Pictures are to be excluded. Please print only the lines from the one containing "JA名に「グリーン」の付く3" through the end of the data, exactly as they appear.

_RECORDED DATA_:
· · ·
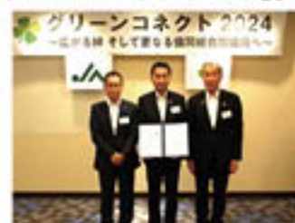
役員がグリーン」の絆を確認

JA名に「グリーン」の付く3JAの協定「グリーンコネク」は11月13日、滋賀県のグリーン近江管内で「グリーンコネク会議」を開きました。各JAの役員が出席し、「経営基盤強化に向けた今後の取り組み」について情報を共有。グリーンコネクの今後ますますの発展へ、「グリーン」の絆を確認しました。
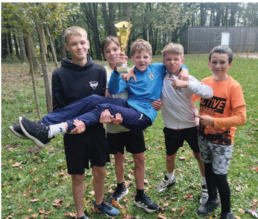
Mladší žáci slavili svůj úspěch
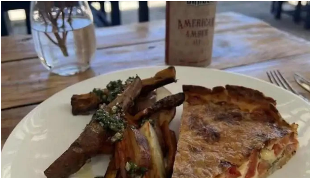
Antojeria cafe del propietario
· · ·
_OUTPUT OF THE TASK_:
JA名に「グリーン」の付く3JAの協定「グリーンコネク」は11月13日、滋賀県のグリーン近江管内で「グリーンコネク会議」を開きました。各JAの役員が出席し、「経営基盤強化に向けた今後の取り組み」について情報を共有。グリーンコネクの今後ますますの発展へ、「グリーン」の絆を確認しました。
Mladší žáci slavili svůj úspěch
Antojeria cafe del propietario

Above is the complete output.